That's a case that went to the Supreme Court really consider the question of whatever individuals alleging that he's been impeach for reasons that are outside the Constitution -- is the Supreme Court allowed to step in? The court was really clear in that case. That, no, this is a political question. This is a power that has committed exclusively to Congress that we do not have the authorities to step in.
Now President Trump might, and certainly individuals like Alan Dershowitz have suggested that he should attempt to relitigate that before the court. That said, this is a relatively well settled matter of law. And I think it's a real long shot to think that he could get anyone's mind on the current court to change on that proposition.
LEMON: So, Michael, this was a surprise to most people.

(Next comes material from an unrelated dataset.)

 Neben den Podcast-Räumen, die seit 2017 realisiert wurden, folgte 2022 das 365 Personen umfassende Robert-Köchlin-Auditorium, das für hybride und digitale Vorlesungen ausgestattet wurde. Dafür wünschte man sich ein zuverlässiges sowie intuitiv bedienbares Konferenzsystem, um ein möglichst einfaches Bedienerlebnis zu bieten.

Hillary Clinton's op-ed. I want to talk about that now. She talks next steps after the Mueller report.
[23:10:00] She acknowledges that while many won't view her as the right messenger here. She points out that her unique position as the target of Russia's election interference that her experience as a Hill lawyer during Watergate, as first lady during her husband's impeachment, as a New York senator during 9/11, and as a secretary of state, she says well, I'm relying on that experience and here is why I'm writing it.

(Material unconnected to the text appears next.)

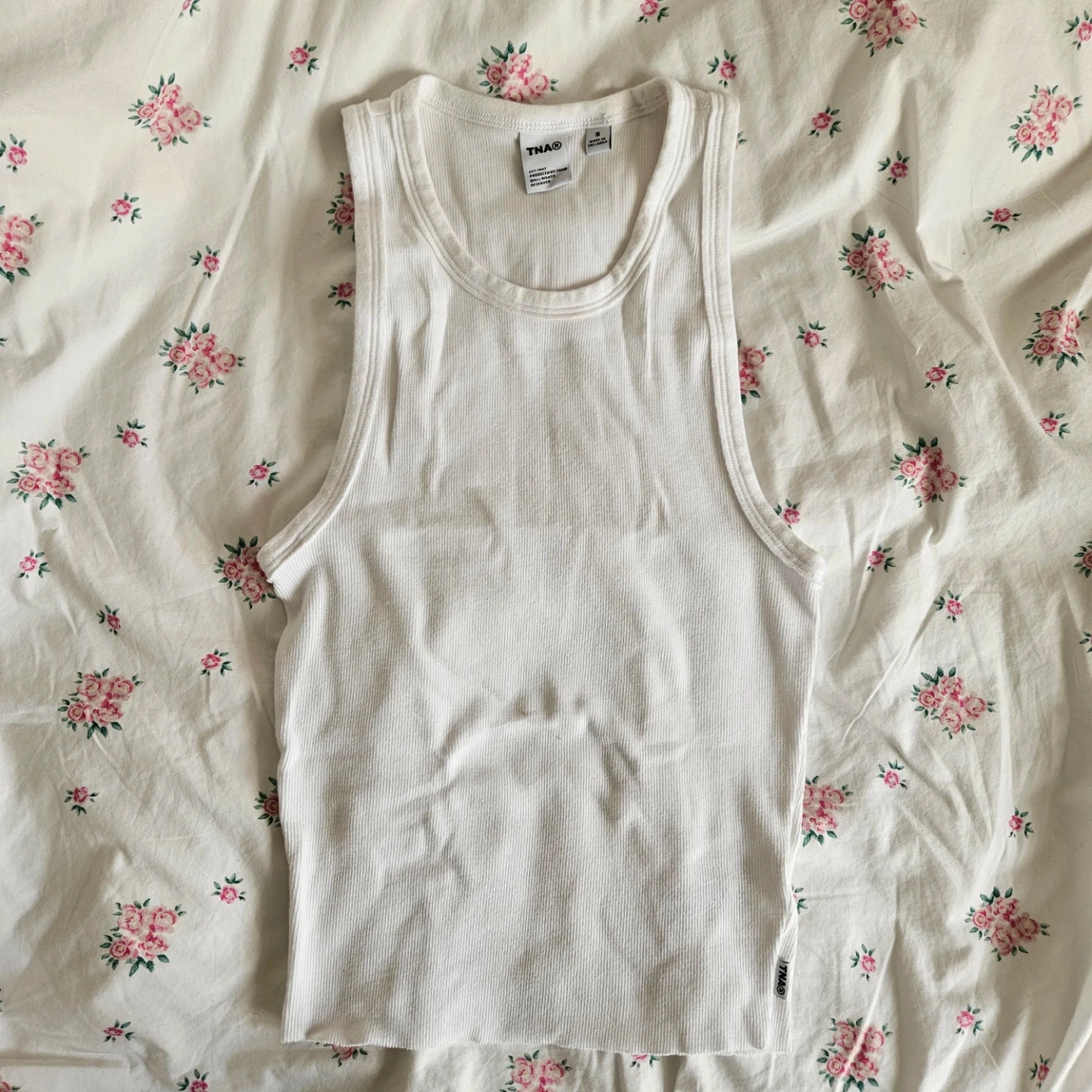 Aritzia TNA Homestretch Crew Tank, White, Size S

She says, "Congress should hold substantive hearings that build on the Mueller report and fill in its gaps, not jump straight to an up or down vote on impeachment." So, she says it doesn't have -- have to be immediate impeachment, Michael, or immediate impeachment or nothing that Congress should still investigate. What do you think?

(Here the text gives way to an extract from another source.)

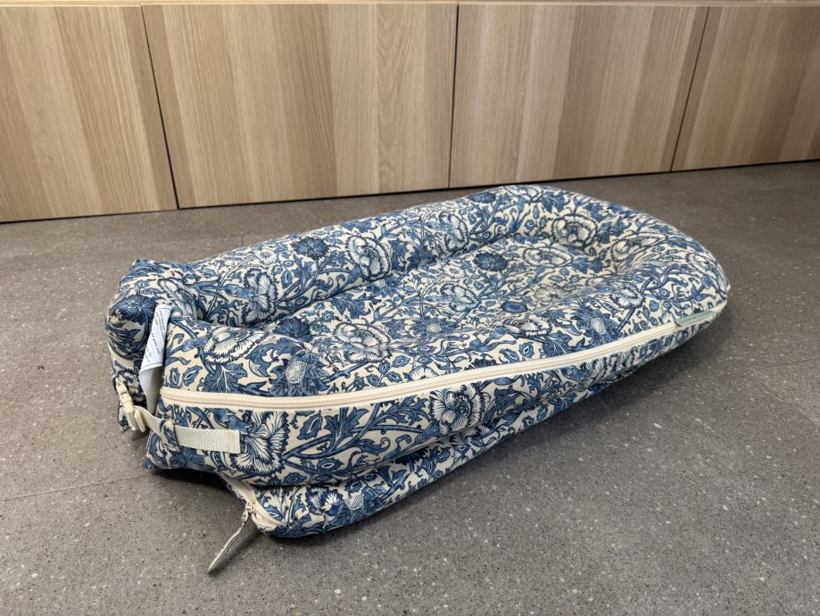 Prodam odlično ohranjeno gnezdece DockAtot. Sestavljeno je iz podloge, prevleke za podlogo, varnostnega obroča in prevleke za obroč. Vsi deli so snemljivi in pralni. Blazina gnezdeca omogoča pretok zraka in tako odlično diha. Na dnu obrobe je varnostna zaponka, ob strani obrobe so nameščeni ročaji, ki omogočajo enostavno in varno premikanje gnezdeca iz prostora v prostor. Redna cena je bila 180 eur.

KRUSE: I think that's, you know, who am I to say whether that's the right thing to do here or not. What I will say though, is that the delay tactics here for Trump I think are going to be very helpful. And Trump is at his most effective. This has always been the case.
Trump he's been at his most effective when he's fighting and if he doesn't have a legitimate fight, he creates a fight. He doesn't have to create a fight here. It's coming to him. It has been on him for the entirety of his administration.
But now more than ever before, he has been very adept at using fights as fuel. And so, I think the political calculations are what they are. But know what you are dealing with here and a fight has never not been a good thing for Donald Trump.
LEMON: Michael, Susan, Harry, thank you much.
Are women of color the key to winning the Democratic nomination. We're going to tell you what the leading candidate said today, that's next.
[23:15:00] (COMMERCIAL BREAK)
LEMON: So, listen to this, women of color could be the key in the battle for the 2020 Democratic nomination. And today, eight of the candidates took part in she the people presidential forum. Here is what some of them said about those voters.
(BEGIN VIDEO CLIP)
SEN. ELIZABETH WARREN (D-MA), PRESIDENTIAL CANDIDATE: Women of color are the heart and soul of the Democratic Party, and heart and soul of our nation. They're critically important.
SEN. CORY BOOKER (D-NJ), PRESIDENTIAL CANDIDATE: The question you are going to hear is why I pledge to have a woman running mate. I will have a woman running mate. To me, it's really clear that we do that.
PRESIDENTIAL CANDIDATE: Women alone in this country are paid 86 cents on average what a man is paid for the same job, but African-American women 61 cents of what a man is paid. Latinas, 53 cents of what a man is paid.
UNIDENTIFIED FEMALE: Why should women of color choose you as the nominee for president?
SEN. KAMALA HARRIS (D-CA), PRESIDENTIAL CANDIDATE: Because of my track record, my entire life of focusing on women of color, be it in terms of health care. I am a leader on the issue of maternal mortality.
(END VIDEO CLIP)
LEMON: So, let's discuss all of this now. Mia Love is here. She is a former Republican congresswoman from Utah. Joe Trippi is a Democratic consultant, and Helaine Olen, an opinion contributor for "|The Washington Post." Why did I just sound like I was introducing a prize award. But here we are.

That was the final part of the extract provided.